→ WORK REQUEST
Type out the lines below exactly, from the first through the line holding "Blouse Piece Included", and include no pictures.

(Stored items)
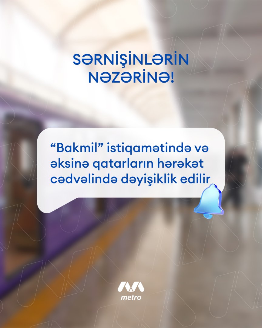 TurkicWorld Bakı Metropoliteninə istinadən xəbər verir ki, əsas dəyişikliklər "Bakmil" stansiyası istiqamətində və əksinə hərəkət edən qatarların cədvəlində öz əksini tapacaq.
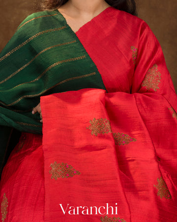 Blouse Piece Included in Bottle Green Colour With Antique Zari Stripes (1 mt. approx) |
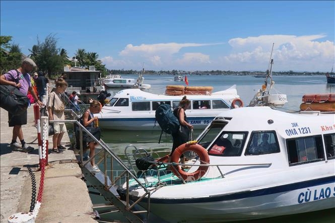 | Ca nô cao tốc đưa du khách từ đất liền đến các bãi biển Cù Lao Chàm. |
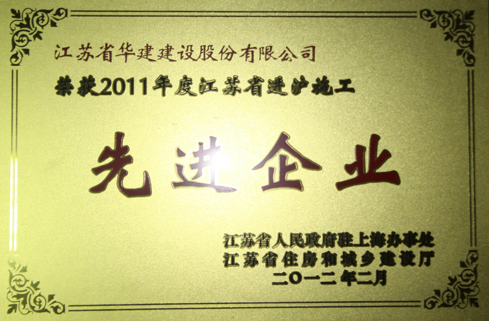 公司九獲“江蘇省進滬施工先進企業”稱號 時間:2012-03-20 5562 3月5日,在江蘇省政府駐滬辦、江蘇省住房和城鄉建設廳召開的2011年度江蘇進滬施工總結表彰大會上,江蘇華建被表彰為“江蘇省進滬施工先進企業”,這已是第九次獲次殊榮;表彰會上,上海洛克外灘源項目部被評為優秀項目部,另有5人被評為優秀建造師,各有1人被評為安全管理先進個人、質量管理先進個人、經營管理先進個人、財務管理先進個人。
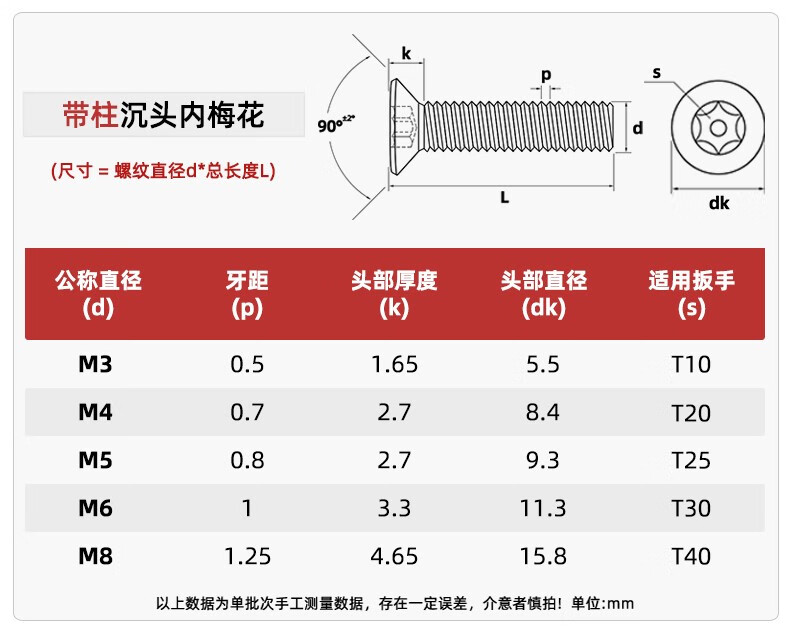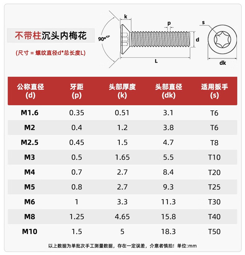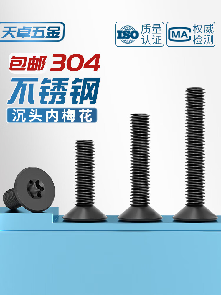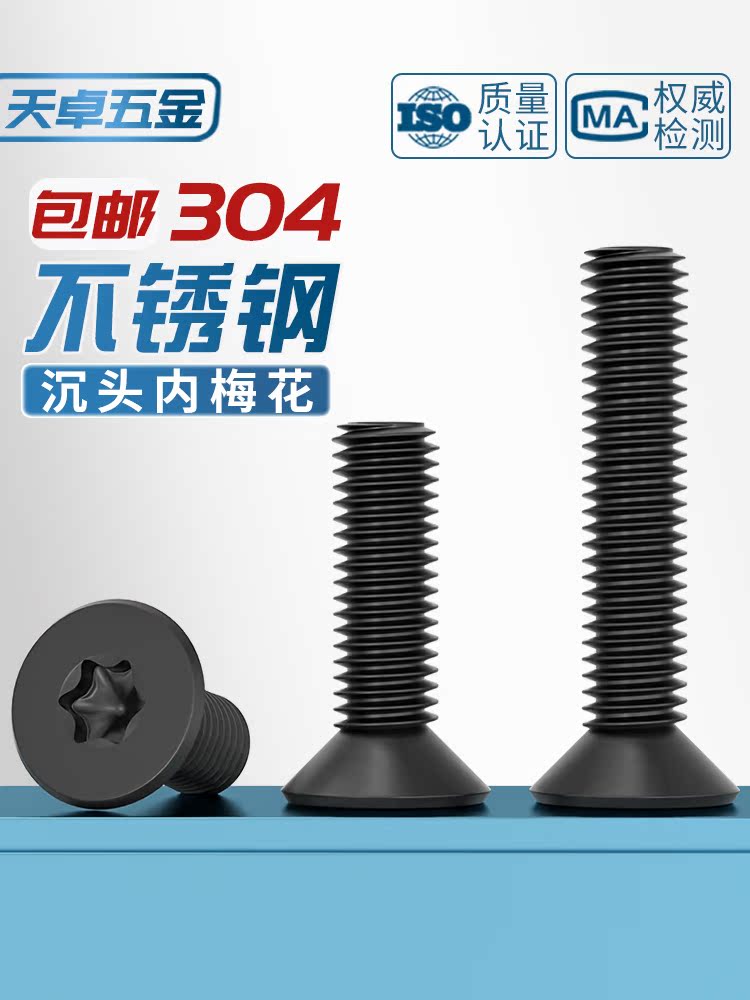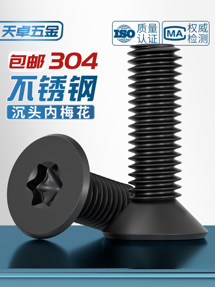 Tianzhuo Hardware black 304 stainless steel countersunk head flat head inner plum anti-theft screws black zinc plated plum machine screws M3M4M5M6 black 304 without column 3*6 50 pcs
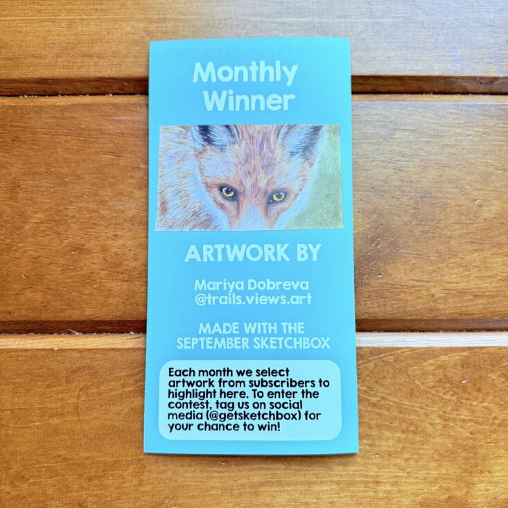 Instead of the traditional postcard, SketchBox has transitioned to a full pamphlet that showcases the box’s contents. It includes a QR code for SketchBox School—where you can learn how to use the materials—along with extra tips and information on how to enter a giveaway. This month even features a written tutorial! You’ll also find the winner of the monthly contest featured in the pamphlet, a spot that’s usually reserved for the shipping box. This month’s winning artwork, created by @trails.views.art is of a really beautiful red fox! Gorgeous in color and texture, Charlie loved this work so much that we had to check out Mariya's instagram page! Be sure to check her page out - she truly is talented!
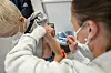 13-åringen Eirik Lyngstad får første dose med Pfizer-vaksine på Bjerke vaksinesenter i Oslo. Foreldre må gi samtykke før barna deira blir vaksinerte, men vaksineforskar Gunnveig Grødeland er ikkje bekymra for vaksinasjonen. Foto: Heiko Junge/NTB/NPK.
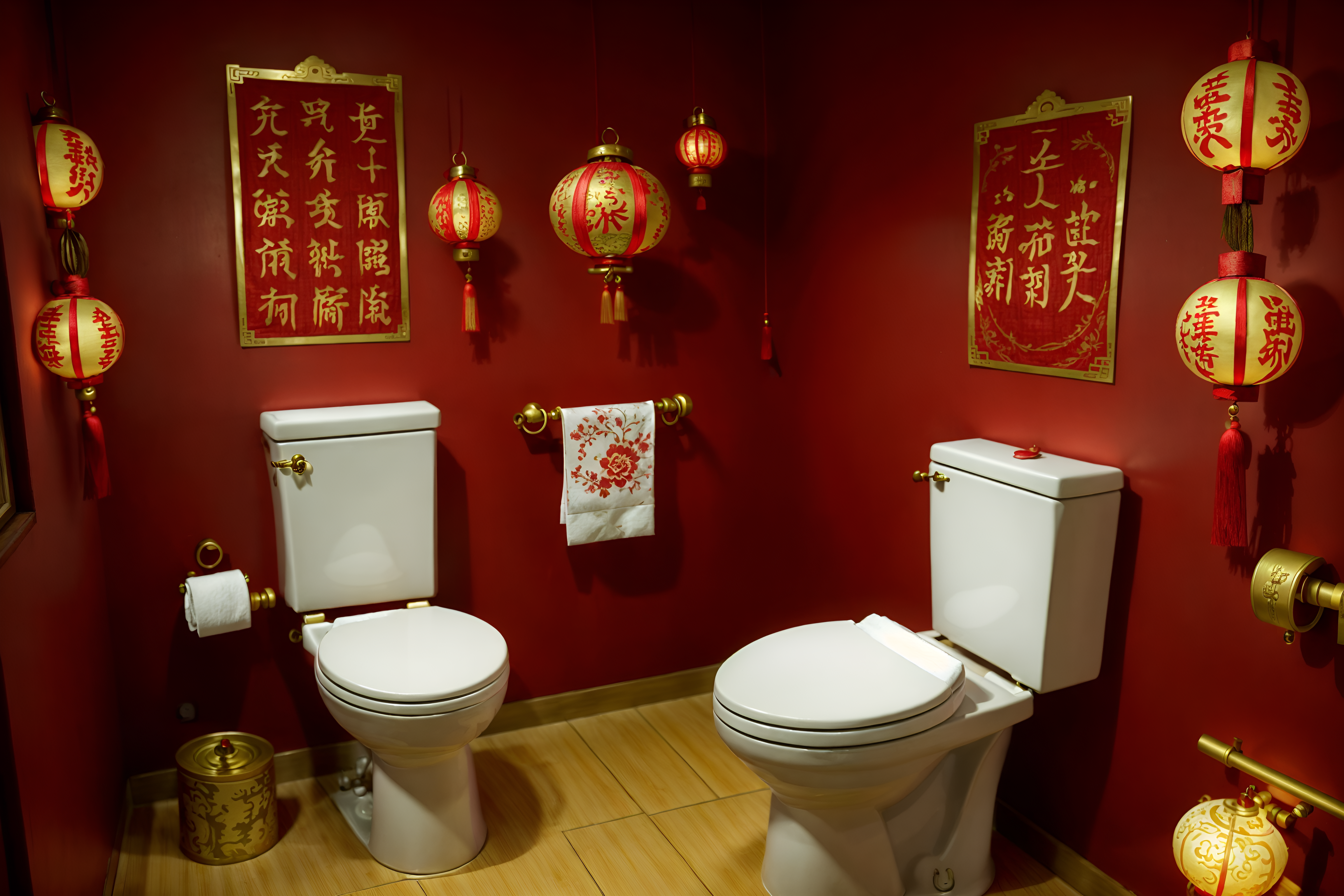 photo from pinterest of chinese new year-style interior designed (toilet interior) with sink with tap and toilet with toilet seat up and toilet paper hanger and sink with tap. . with zodiac calendar and chinese red lanterns and red and gold candles and money tree and paper firecrackers and red and gold tassels and gold ingots and red fabric & pillows. . cinematic photo, highly detailed, cinematic lighting, ultra-detailed, ultrarealistic, photorealism, 8k. trending on pinterest. chinese new year interior design style. masterpiece, cinematic light, ultrarealistic+, photorealistic+, 8k, raw photo, realistic, sharp focus on eyes, (symmetrical eyes), (intact eyes), hyperrealistic, highest quality, best quality, , highly detailed, masterpiece, best quality, extremely detailed 8k wallpaper, masterpiece, best quality, ultra-detailed, best shadow, detailed background, detailed face, detailed eyes, high contrast, best illumination, detailed face, dulux, caustic, dynamic angle, detailed glow. dramatic lighting. highly detailed, insanely detailed hair, symmetrical, intricate details, professionally retouched, 8k high definition. strong bokeh. award winning photo.

→ WRITTEN REPLY
 TurkicWorld Bakı Metropoliteninə istinadən xəbər verir ki, əsas dəyişikliklər "Bakmil" stansiyası istiqamətində və əksinə hərəkət edən qatarların cədvəlində öz əksini tapacaq.
 Blouse Piece Included in Bottle Green Colour With Antique Zari Stripes (1 mt. approx) |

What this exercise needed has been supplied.